Similar measures have passed in the Florida House, but never in the state Senate. This year, Senate President Bill Galvano, a Bradenton Republican, nixed any prospect of hearing campus-carry in that chamber.
Even Florida State University President John Thrasher, a former Republican speaker of the House, opposes the measure.
HB 271 — Abortion
Hill renewed his efforts to pass a fetal heartbeat bill this year after his proposal fell flat last year.
The bill would ban abortions in cases where a fetal heartbeat can be detected, which, as critics frequently point out, is often before a woman even knows she’s pregnant.
The bill carries a third-degree felony charge for any “person who knowingly or purposefully performs or induces an abortion on a pregnant woman with the specific intent of causing or abetting the termination of the life of the pre-born human being whose pre-born intrauterine heartbeat has been detected.”
The bill has sparked debate nationwide as other states have also sought to implement such laws. But it appears even too controversial for the Republican-led Florida Legislature. 2019 efforts failed after committees in both the House and Senate failed to take up the bill.
HB 119 — Sensory Deprivation Tanks
In this year’s version of “why is this even necessary,” Democratic Rep. Anna Eskamani filed a bill that would spell out in Florida law that these tanks are NOT swimming pools and prohibit agencies from regulating them as such.
If anyone has ever enjoyed (or hated) a sensory deprivation tank, they know that it is either a large bathtub in a very dark room or an enclosed pod with a body-sized tank.
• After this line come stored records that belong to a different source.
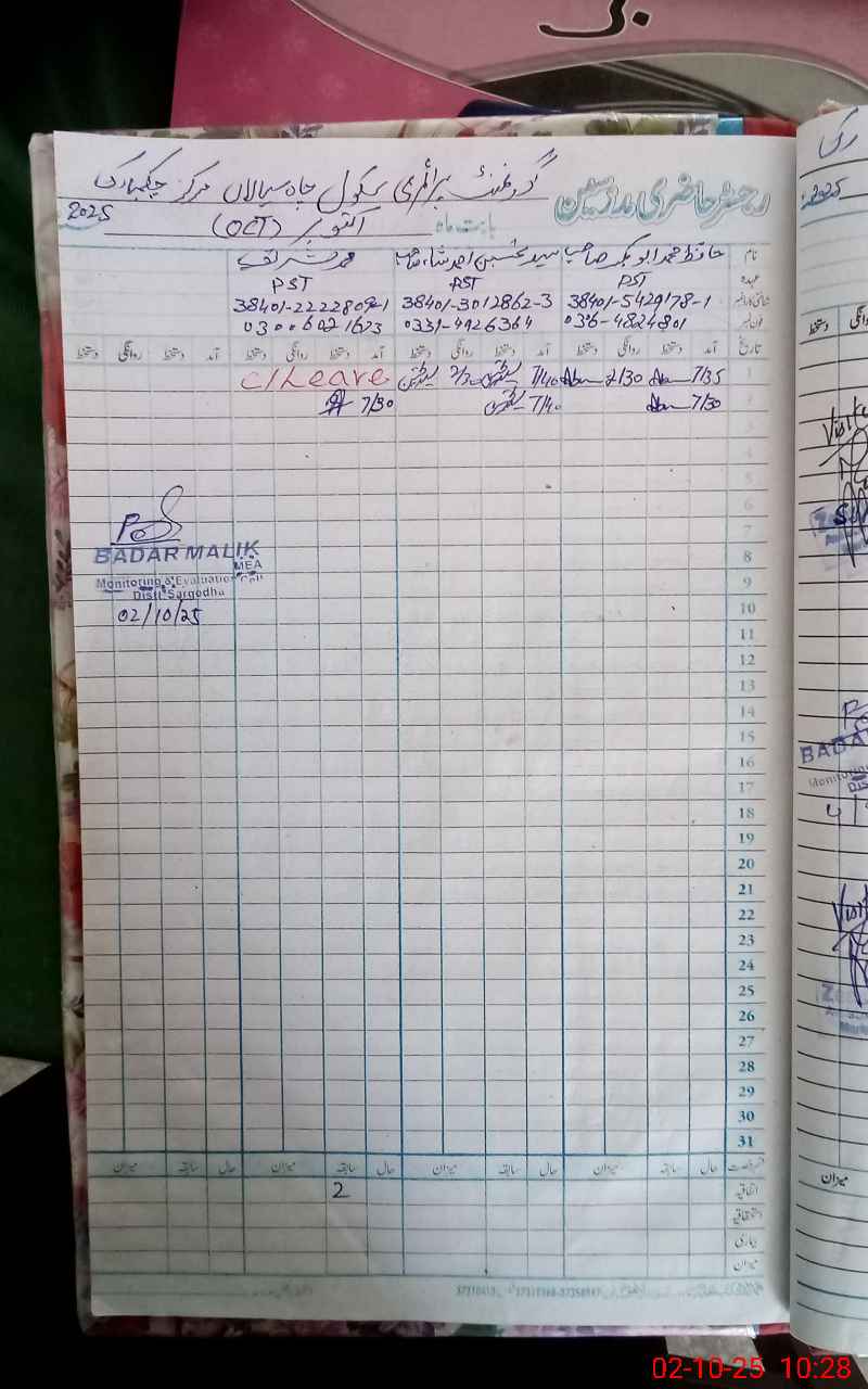 | District: SARGODHA | Tehsil: BHERA | Markaz: CHAK MUBARAK - MALE | Level: Primary | |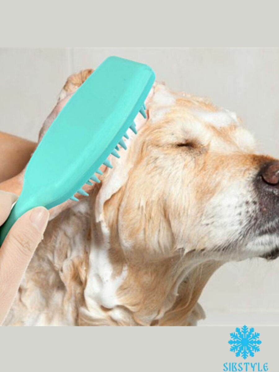 Купить Щетка с силиконовыми зубьями, расческа для вычеса шерсти, мытья собак и кошек, для груминга с массажным эффектом (бирюзовый)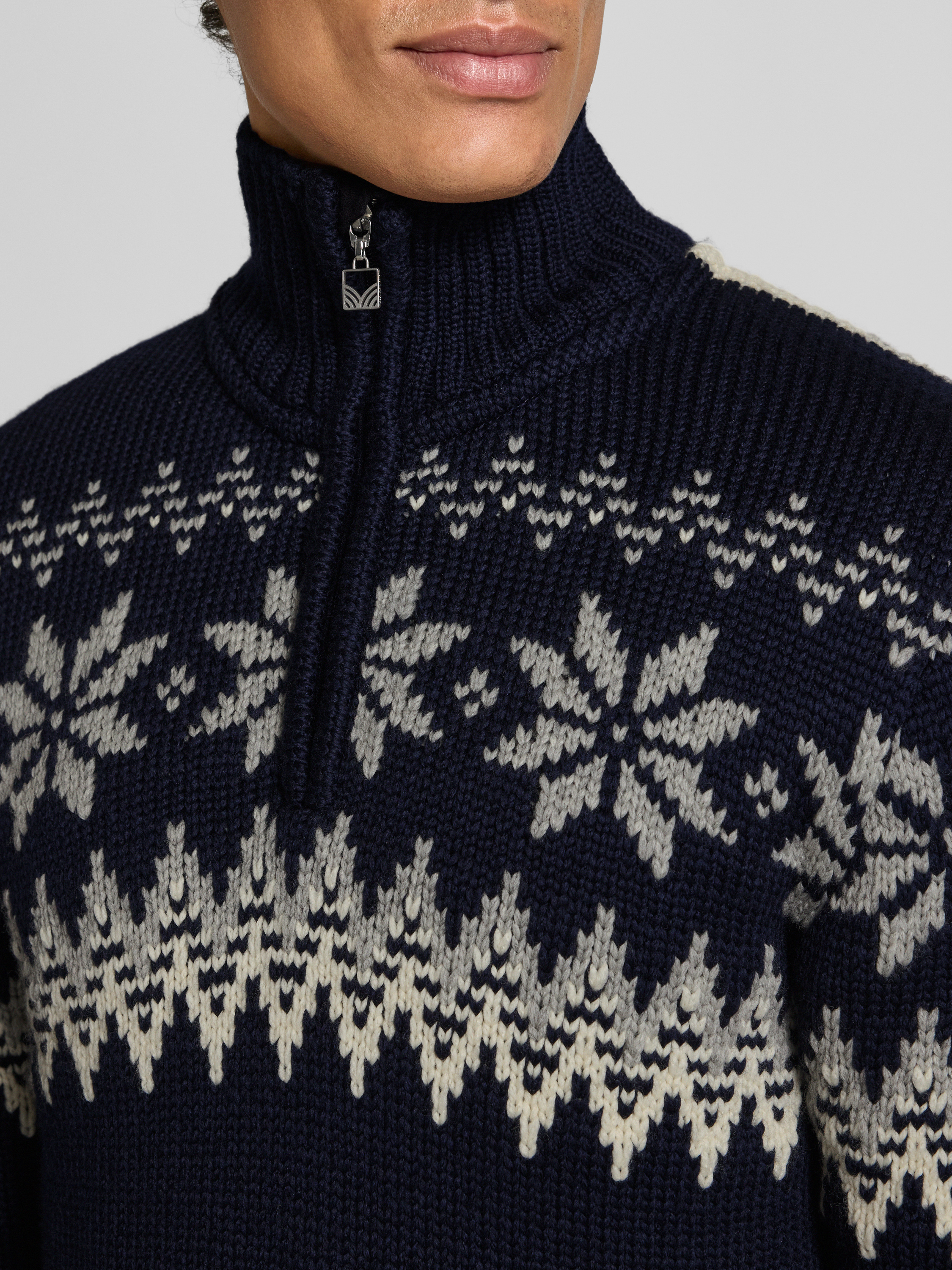 Noorse trui met schipperskraag van wolmix, model 'Myking' in marineblauw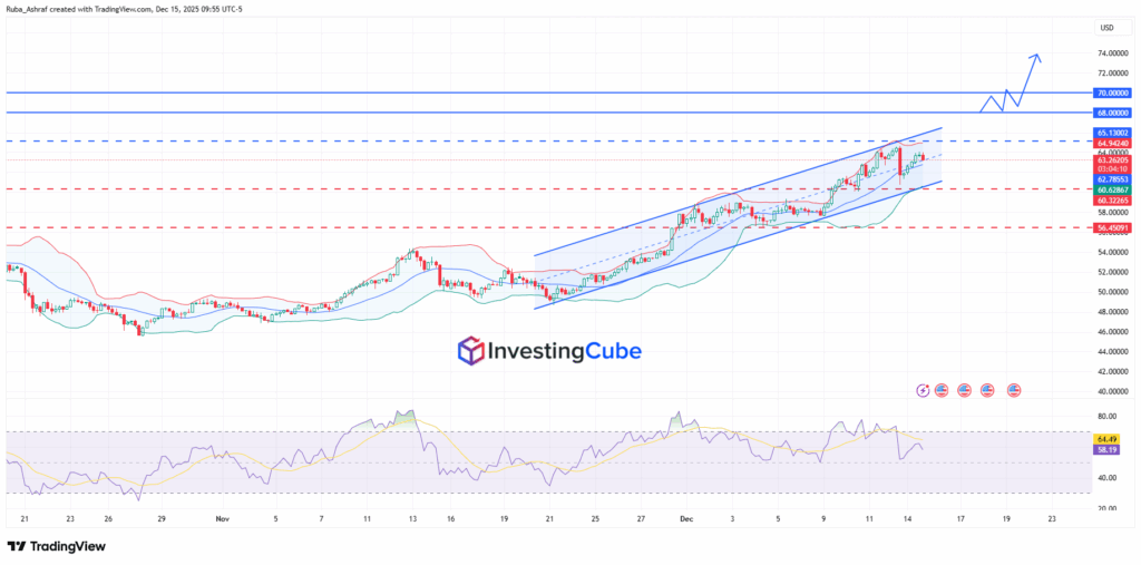 From a technical perspective, silver prices are trading within a well-defined ascending channel. It reflects a sustained bullish trend. As long as price action remains inside this channel, the upside bias stays intact. If the price breaks out above the upper boundary of the channel, it will push prices toward a new all-time high at 68.00 and then 70.00.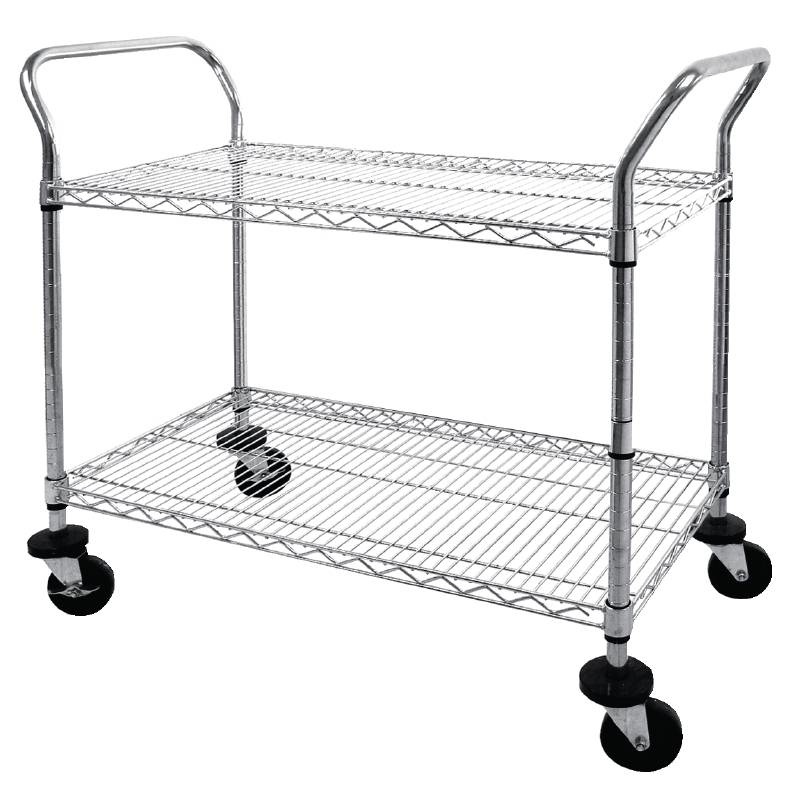 Chariot De Service Inox - Fils Chromés - 2 Plateaux - 910x460x960(h)mm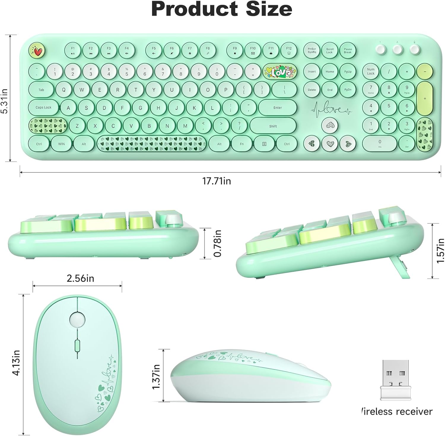 MOFII Wireless Keyboard and Mouse Combo, Cute Full Size Retro Typewriter Keyboard and Wireless Mouse, 2.4GHz Set for PC/Desktop/Laptop/Windows (Green Colorful)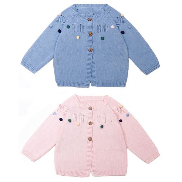 новые дети верхняя одежда девочки хлопок вязать длинными рукавами руки из шариков принцессы основывая рубашки весна осень 1, Blue;gray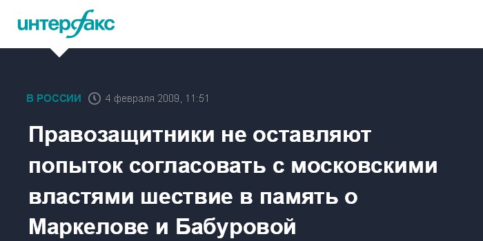 Москва. 4 февраля. INTERFAX.RU - Российские правозащитники решили предпринять еще одну попытку согласовать с московскими властями шествие в столице в память об убитых адвокате Станиславе Маркелове и журналистке Анастасии Бабуровой.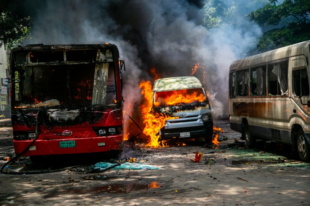 On August 4, Chhatra League miscreants set fire to hospital vehicles in Dhaka.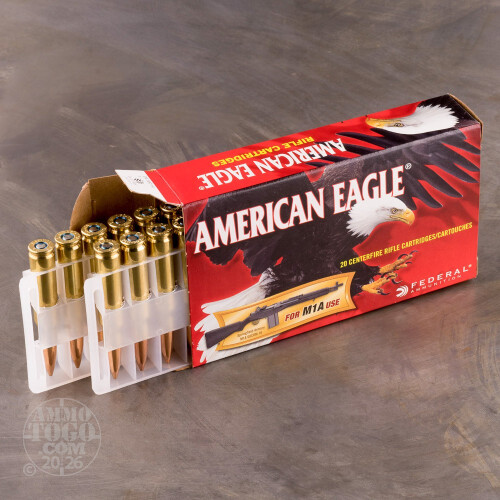 This is .308 Winchester (7.62x51) Federal American Eagle 168gr. Open Tip Match Ammo. This Federal ammo is designed to function in a Springfield M1A. This is great shooting ammo at reasonable price. This ammunition is new production, non-corrosive, in boxer-primed and has reloadable brass cases. This ammo comes packed in 20rd. boxes.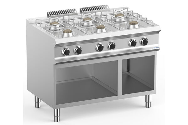 profesjonell gass solid topp med gass ovn. pilotflammen er beskyttet inne i hovedbrenneren. plasseringen av brennerne tillater bruk av panner opp til 40 cm i diameter. 60 % sertifisert effektivitet.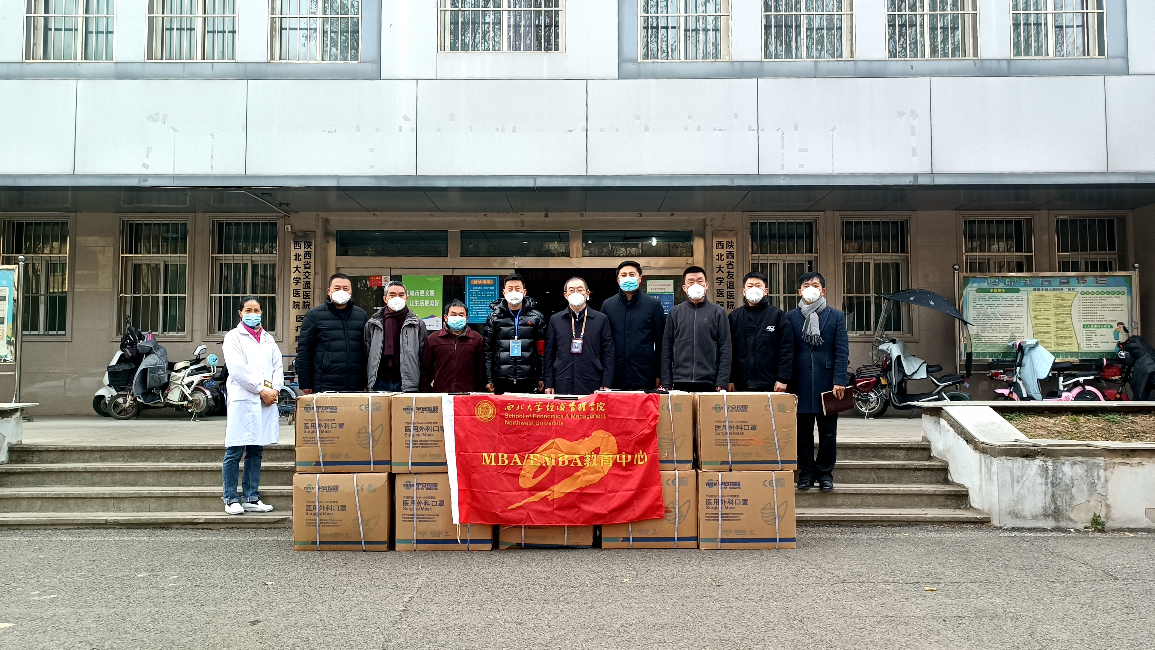 2021年12月30日,我院一名2021级MBA学员匿名向西北大学太白校区捐赠医用外科防护口罩40000个。经过两天的物资调拨与协调,30日中午12:00,这批宝贵的抗疫物资抵达了西北大学太白校区,并在太白校区校医院顺利完成了交接。
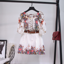 高档21夏装新款女装度假t一上肩印花雪纺衫字衣高裤阔腿短腰两奢¥253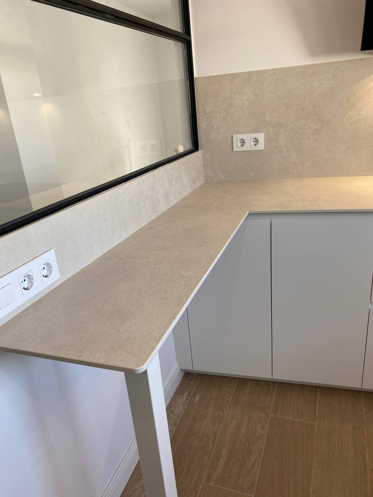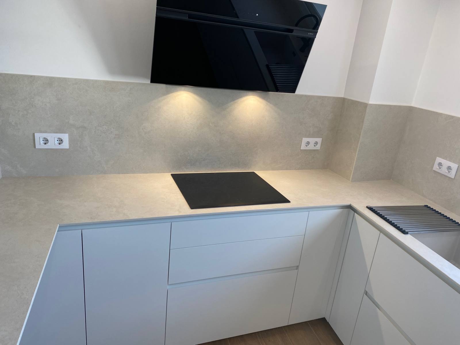 El corazón de esta cocina es el modelo Milano 45 en un atractivo color blanco polar, que crea un ambiente luminoso y moderno. La elección de una encimera Infinity, modelo Chianca di Otsuni Matte con canto simple, añade una elegancia duradera y resistente a esta área tan importante de la cocina.

The idea is to soak users in a tub full of body temperature water heavily saturated with salt to give the body the essence of nothingness. The salt allows the body to float. The water temperature makes it so the body doesn’t feel the water and the dark and silent atmosphere shuts out all feeling.
In no way, shape or fashion could such tanks be misconstrued as a swimming pool. But, OK.
HB 635/SB 756 Donor Breast Milk
This bill by Democratic Sen. Lauren Book would authorize the Florida Agency for Health Care Administration to pay for donor breast milk for infants weighing 3.3 pounds or less receiving Medicaid services. It would apply to infants whose doctors had ordered donor breast milk in cases when their biological mother was unable to provide it.
Medicaid covers around 60 percent of the costs for Florida’s 223,000 annual births, according to the lawmakers. Fewer than one percent of those births result in extremely low birth weights.
Often, those infants rely on pasteurized breast milk, provided through donations. But that milk is not currently covered by Medicaid
It’s widely held that premature, low—weight infants thrive better from breast milk than formula. But queue questions about the state paying a higher cost for donor breast milk than formula.
A similar effort died in the 2019 Legislative Session. Neither even got a vote.
Senate Resolution 214 — White Nationalism
This effort, sponsored by Democrat José Javier Rodríguez, offers a sanctioned resolution “condemning white nationalism and white supremacy as hateful expressions of intolerance which contradict the values that define the people of Florida and the United States.”
That this needs to be stated is troubling. There’s pretty much unanimous consent that slavery was bad. Racist segregation-era policies have also been condemned. Yet the country continues to see acts of white supremacy.
If anyone votes against this resolution or fails to put it on the agenda, well, shame.
One comment
Kathleen Crampton
January 13, 2020 at 11:36 am
Janelle: What a list ! Regarding your comments about HB 335 and SB 908, using the national popular vote would not replace the Electoral College. With passage, each state directs their electors to vote for the presidential candidate who gets the most votes nationwide. Thus the passage of NPV bills is constitutional and supports our Founding Fathers’ commitment to federalism.